▸ **Exercise description**:
Your response should contain only the lines running from the top of the data below through the line with "전주시가 중동호흡기증후군(메르스) 여파로", both included. Pictures must be omitted.

--- Data shown Enclosed Below ---

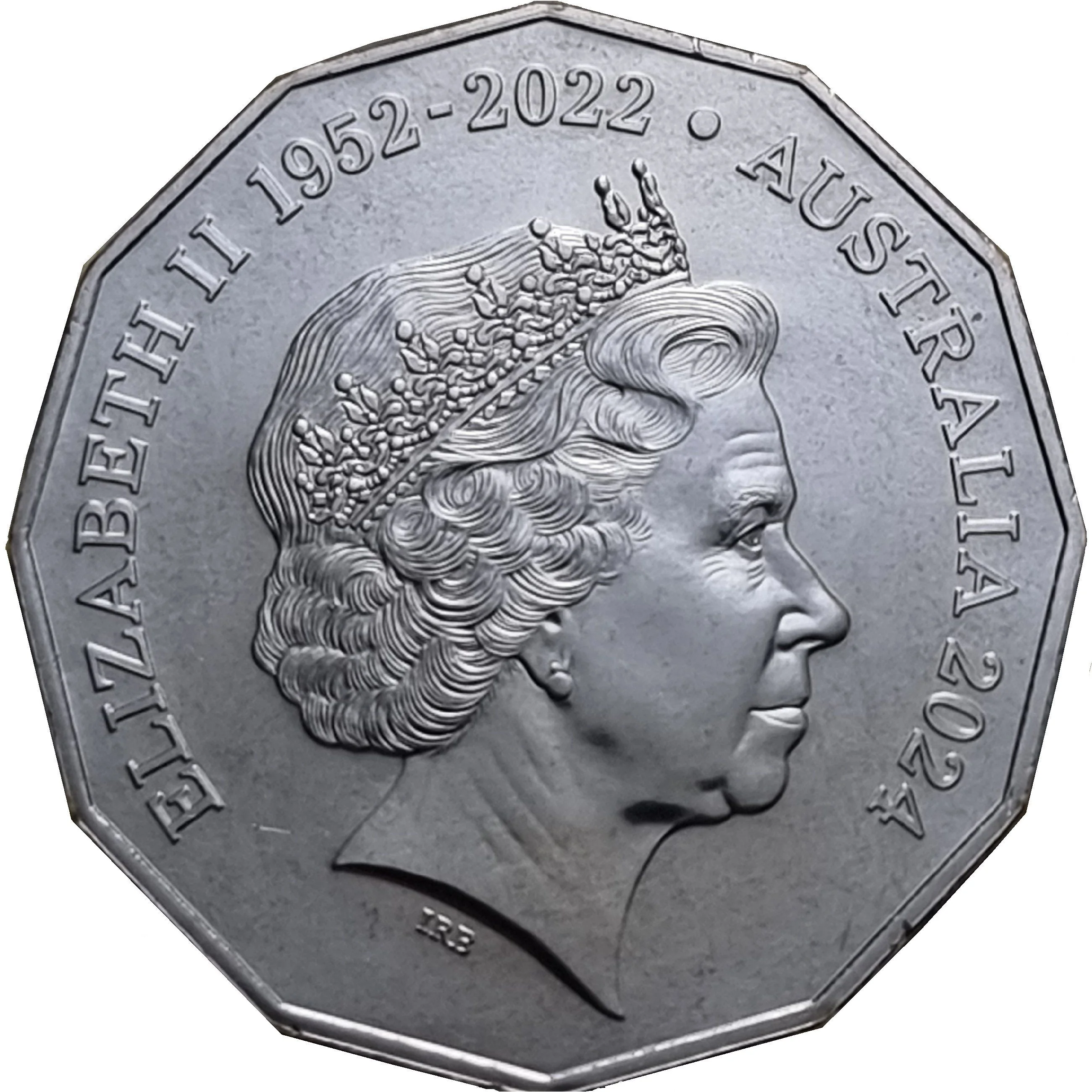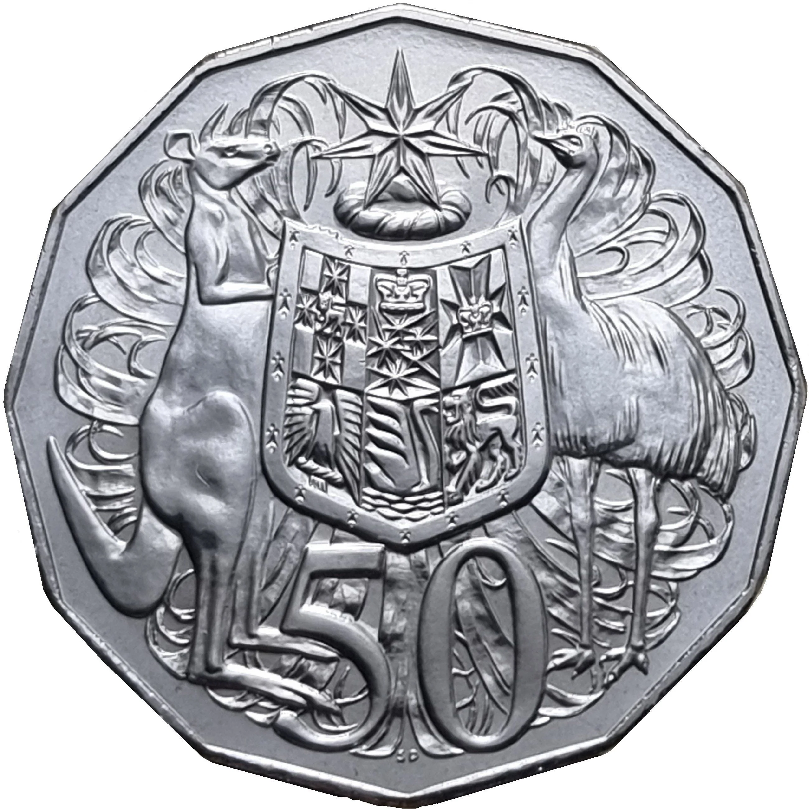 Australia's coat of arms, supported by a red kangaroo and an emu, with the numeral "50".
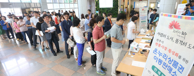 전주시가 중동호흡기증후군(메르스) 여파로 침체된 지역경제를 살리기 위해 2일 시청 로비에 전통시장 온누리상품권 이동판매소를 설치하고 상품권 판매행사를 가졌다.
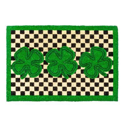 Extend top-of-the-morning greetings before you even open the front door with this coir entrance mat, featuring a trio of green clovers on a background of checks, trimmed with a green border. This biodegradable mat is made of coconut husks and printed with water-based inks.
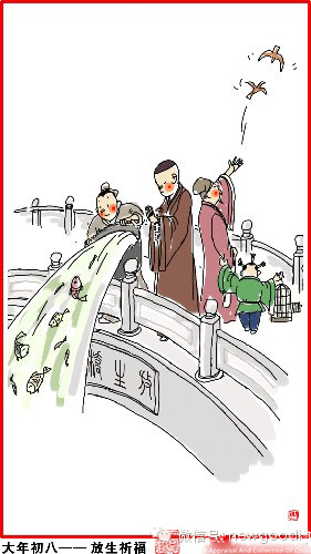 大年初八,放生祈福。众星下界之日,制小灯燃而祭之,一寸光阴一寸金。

--- End of Enclosed Data shown ---

▸ **Worked solution**:
 Australia's coat of arms, supported by a red kangaroo and an emu, with the numeral "50".
 전주시가 중동호흡기증후군(메르스) 여파로 침체된 지역경제를 살리기 위해 2일 시청 로비에 전통시장 온누리상품권 이동판매소를 설치하고 상품권 판매행사를 가졌다.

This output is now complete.